Prometheus is an open source monitoring solution that collects metrics from the system and its applications. As a developer, you can query these metrics and use them to create alerts, which you can use as a source for dashboards. One example would be using Prometheus metrics with Grafana.
In this article, I show you how to use Prometheus to monitor a .NET Core application running on Kubernetes. Note that installation instructions are not included with the article.
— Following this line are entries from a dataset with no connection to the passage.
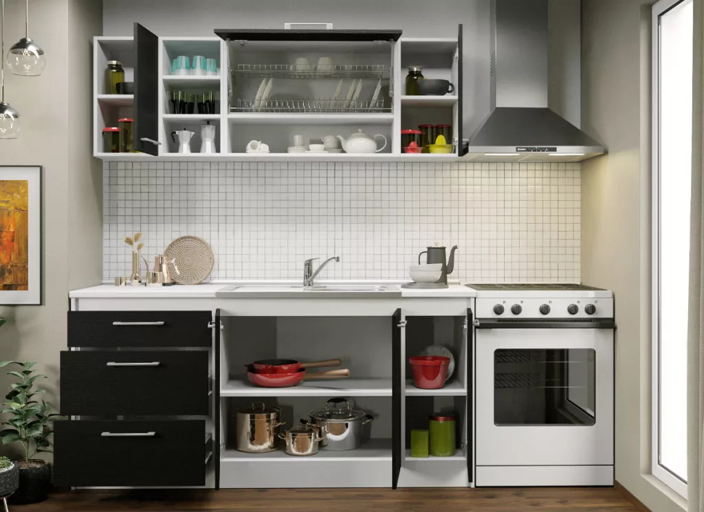 - A háztartási gépek és a mosogatótálca nem tartozéka a konyháknak.
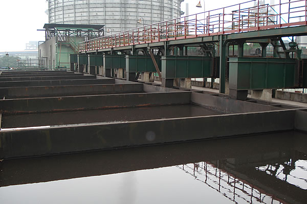 組合式斜板沉淀器有逆流和橫流兩種類型,用戶可以根據不同情況加以選用。對于煉鋼廠轉爐煙氣凈化污水處理而言,由于污水懸浮物含量高,溫度變化范圍大,為消除因溫度變化而產生的異重流影響,選用橫流組合式斜板沉淀器較為理想。若采用由全自動干粉投加絮凝劑裝置(電磁式凝聚器)-斜板沉淀器-螺旋輸泥機-壓縮空氣提升-脫水機所組成的新工藝來處理上述污水,則經處理后的污水懸浮物含量可<30-100ml/l,污泥含水率<25~30%,是較為理想的水處理工藝和水處理設備。
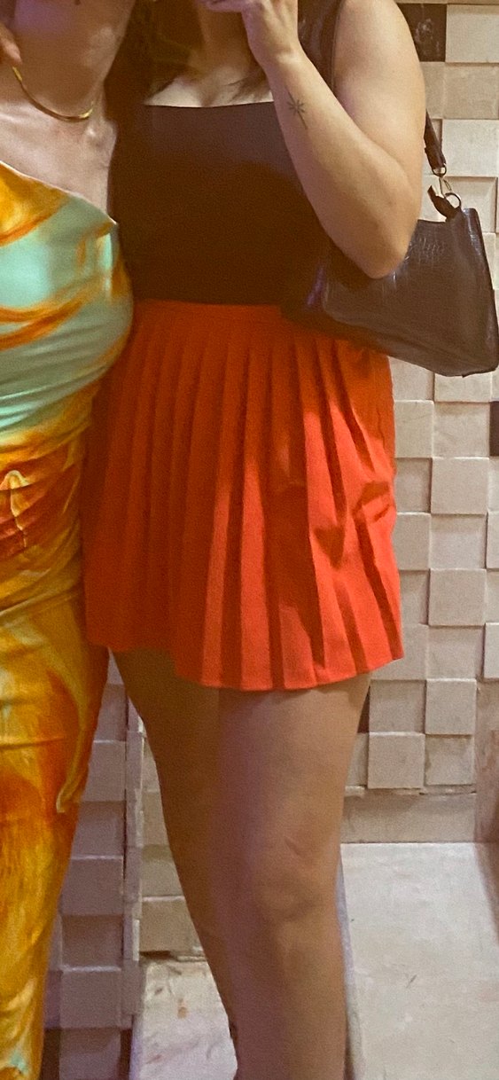 Parlak turuncu renkte, sentetik kumaştan yapılmış, pilili ve vücuda oturan mini etek. Günlük rahat sokak stili için uygundur. Şort etek
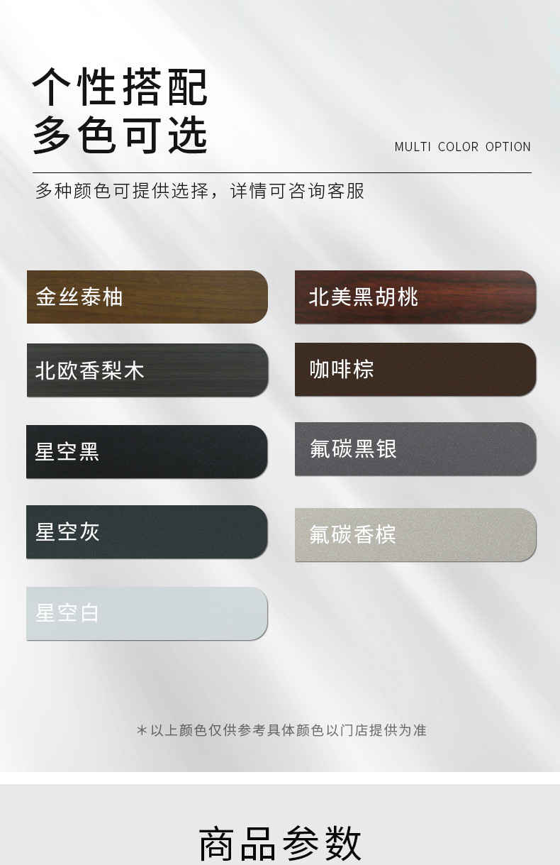 內(nèi)色:巴西花梨、印度紫檀、紅櫻桃、柚木色、海南黃花梨、 白橡木、象牙白、氟碳香檳、氟碳黑銀、砂灰、咖啡黑
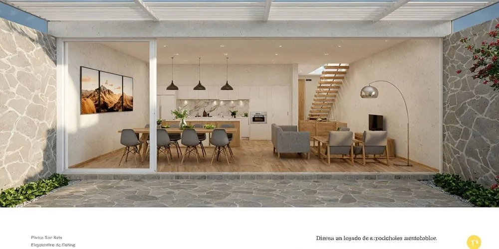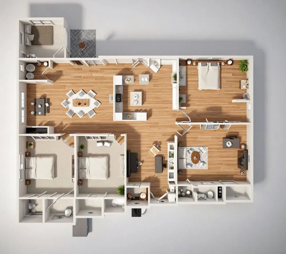 a drawing of a house from above, with cars parked in the yard and stairs on top of the house
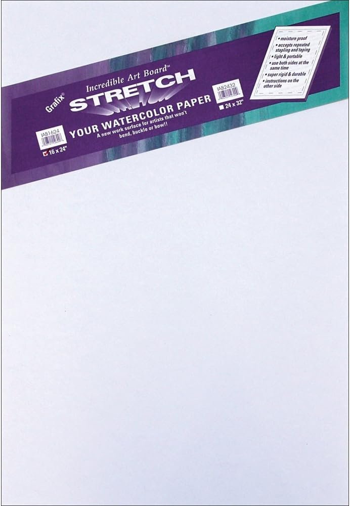 A revolutionary work surface for artists! The ideal board for stretching watercolor paper. Moisture proof foam center board won't bend, bow or buckle; solvent proof too. Durable, light weight and portable. Accepts repeated stapling and taping. 1/2 inch thick, both sides usable. 16 x 24 inches.
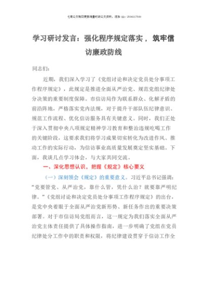 【七哥公文】2025年:学习研讨发言:强化程序规定落实,筑牢信访廉政防线+更多免费公文+VX:QiGeGongWen2024
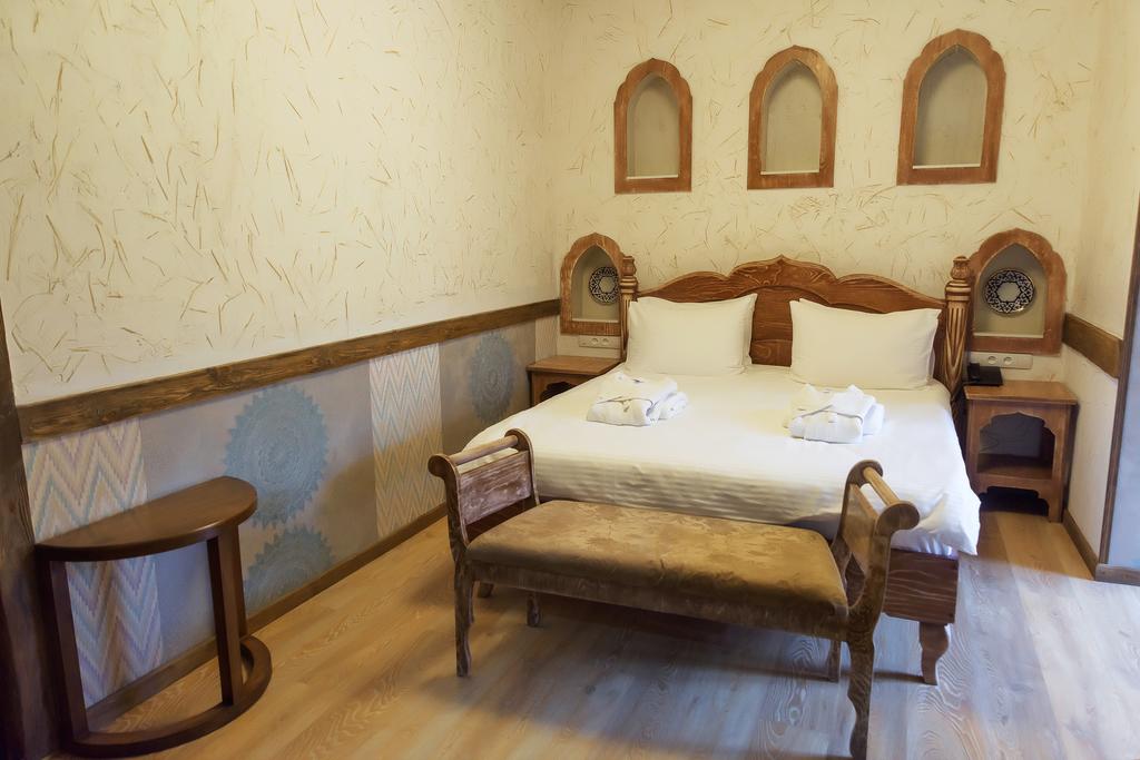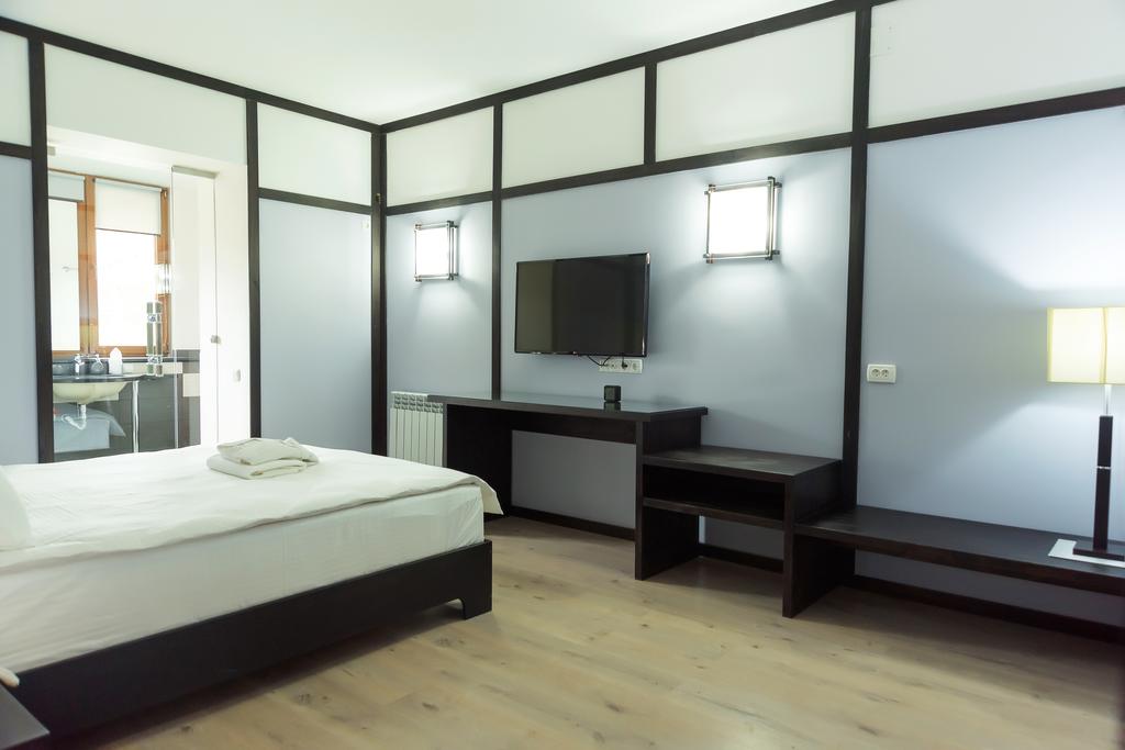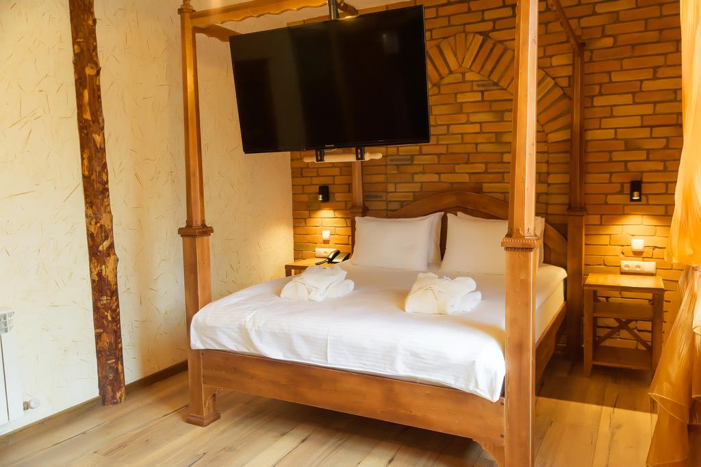 Интерьер номеров бутик-отеля «Орбита» оформлен в загородном стиле, который гармонично дополняет деревянная мебель. Все номера оснащены холодильником и телевизором с плоским экраном с каналами спутникового телевидения, а также укомплектованы купальными халатами и туалетно-косметическими принадлежностями.

I do include a reference for using the Prometheus Operator to create and configure Prometheus on Kubernetes.
Note: Learn more about Prometheus' support for monitoring Kubernetes and containerized applications deployed on OpenShift.
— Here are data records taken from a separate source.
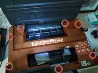 Next, locate the seven torx screws (highlighted in red circles). To avoid confusion when reassembling later, we suggest drawing a picture of the printer and taping the screws to the image.
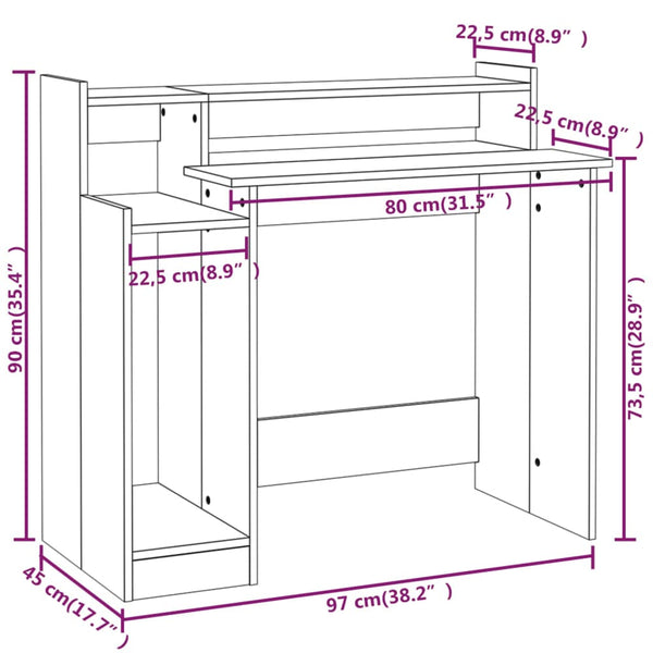Ruskea tammi työpöytä led-valoilla 97x45x90cm puinen
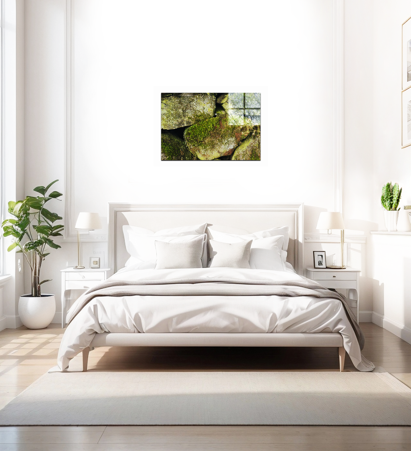When produced as an acrylic-set print, this image takes on a new dimension of depth and vibrancy. The high-gloss finish of the Acrylic enhances the lush greens of the moss, making them appear almost luminous against the more subdued tones of the stones. The sheen of the Acrylic also accentuates the perceived moisture in the scene, as if the moss has just been kissed by morning dew. This medium adds a sense of depth to the image, enhancing the three-dimensional quality of the stones and creating the illusion that one could reach out and feel the soft, damp moss.
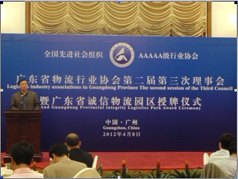 4月8日,为响应广东"三打两建"、建设幸福广东的活动口号,广东省物流行业协会联合广东省工商管理局共同组织开展的"广东省诚信物流园区"授牌仪式在广州鸣泉居度假村聚贤殿成功举行。省内外政府领导、兄弟协会和协会理事会成员共200多人出席了此会。
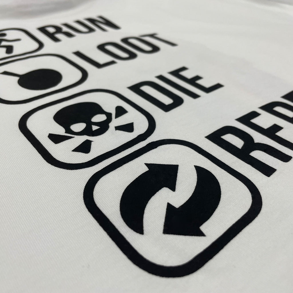 * Run, Loot, Die, Repeat screen print on back

Open source monitoring with Prometheus
Prometheus organizes data in a time series. This type of data graph is useful for tracking how a numeric value changes over time. Prometheus then uses the time series to track the following:
- Counters: Values that can only increment, like the number of requests handled.
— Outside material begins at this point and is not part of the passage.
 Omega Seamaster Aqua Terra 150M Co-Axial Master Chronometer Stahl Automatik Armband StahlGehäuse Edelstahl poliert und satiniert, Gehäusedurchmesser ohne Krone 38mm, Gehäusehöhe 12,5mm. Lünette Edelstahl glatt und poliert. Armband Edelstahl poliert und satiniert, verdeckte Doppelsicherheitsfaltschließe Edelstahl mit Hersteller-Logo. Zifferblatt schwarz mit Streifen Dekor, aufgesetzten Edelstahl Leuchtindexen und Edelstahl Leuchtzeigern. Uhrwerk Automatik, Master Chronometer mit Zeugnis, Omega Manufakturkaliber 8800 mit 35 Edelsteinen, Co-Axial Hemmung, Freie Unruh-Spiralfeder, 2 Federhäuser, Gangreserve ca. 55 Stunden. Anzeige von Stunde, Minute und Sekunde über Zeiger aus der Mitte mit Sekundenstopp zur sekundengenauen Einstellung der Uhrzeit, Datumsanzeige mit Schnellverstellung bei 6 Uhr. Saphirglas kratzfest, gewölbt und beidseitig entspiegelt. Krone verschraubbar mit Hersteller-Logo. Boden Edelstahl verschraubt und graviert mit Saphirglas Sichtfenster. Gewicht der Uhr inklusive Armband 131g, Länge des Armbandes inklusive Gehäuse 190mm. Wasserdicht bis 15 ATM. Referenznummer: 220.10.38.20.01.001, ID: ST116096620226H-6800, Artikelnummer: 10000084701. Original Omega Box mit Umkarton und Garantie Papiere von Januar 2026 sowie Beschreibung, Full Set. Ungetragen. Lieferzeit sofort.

- Gauges: Values that can go up and down, like memory used.
- Histograms: Values that are counted in a number of buckets, like response time.
A single metric (like HTTP response time) corresponds to multiple time series that have a unique set of labels. Thanks to these labels, you can filter queries for specific criteria, such as the HTTP response time for a particular URL.
Deploying Prometheus
You can use the Prometheus Operator to create and configure Prometheus on Kubernetes. To set up this example, I started by creating a project with a user that has monitoring permissions. I followed the steps described in Monitoring your own services to create the project and user.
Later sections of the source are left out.